La jurisprudence francophone des Cours suprêmes


recherche avancée

29/09/2015 | FRANCE | N°15PA00470

France | France, Cour administrative d'appel de Paris, 10ème chambre, 29 septembre 2015, 15PA00470


Vu la procédure suivante :

Procédure contentieuse antérieure :

Mme A...B...a demandé au Tribunal administratif de Paris d'annuler la décision implicite de refus opposée par le préfet de police à sa demande de titre de séjour, décision à laquelle s'est substitué un arrêté en date du 12 juin 2014, par lequel ledit préfet a explicitement rejeté la demande de Mme B..., l'a obligée à quitter le territoire dans le délai de trente jours et a fixé le pays à destination duquel l'intéressée serait reconduite.

Par un jugement n° 1409258/2-2 du 4 décembre 2014

, le Tribunal administratif de Paris a, d'une part, annulé l'arrêté du préfet de police du...

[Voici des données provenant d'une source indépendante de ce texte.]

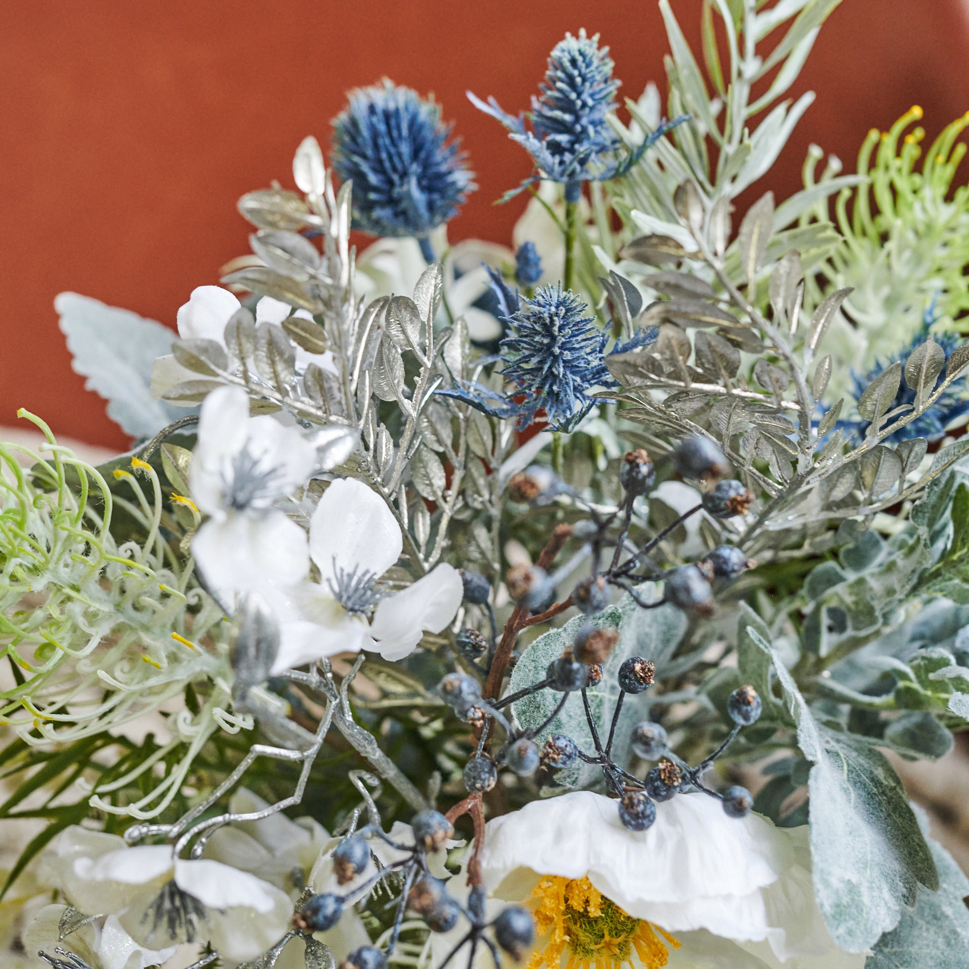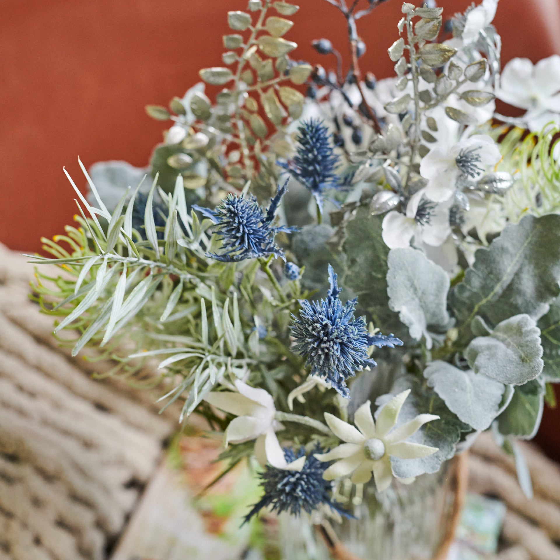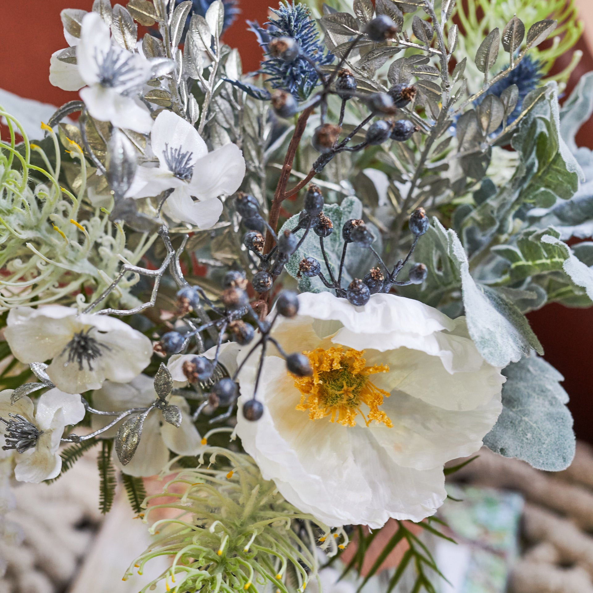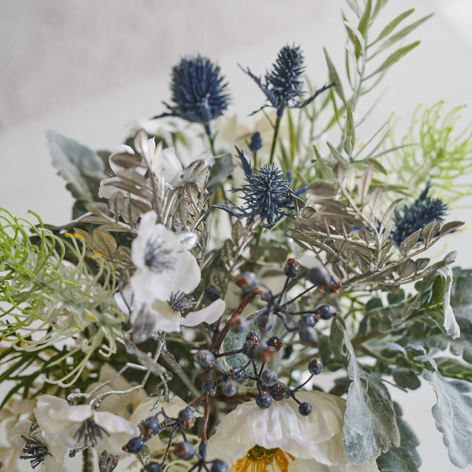 Real Touch Poppy, Dusty Miller and Thistle with Rosehip, Grevillea and Silver Accents set in Glass Vase in Artificial Water.

Vu la procédure suivante :

Procédure contentieuse antérieure :

Mme A...B...a demandé au Tribunal administratif de Paris d'annuler la décision implicite de refus opposée par le préfet de police à sa demande de titre de séjour, décision à laquelle s'est substitué un arrêté en date du 12 juin 2014, par lequel ledit préfet a explicitement rejeté la demande de Mme B..., l'a obligée à quitter le territoire dans le délai de trente jours et a fixé le pays à destination duquel l'intéressée serait reconduite.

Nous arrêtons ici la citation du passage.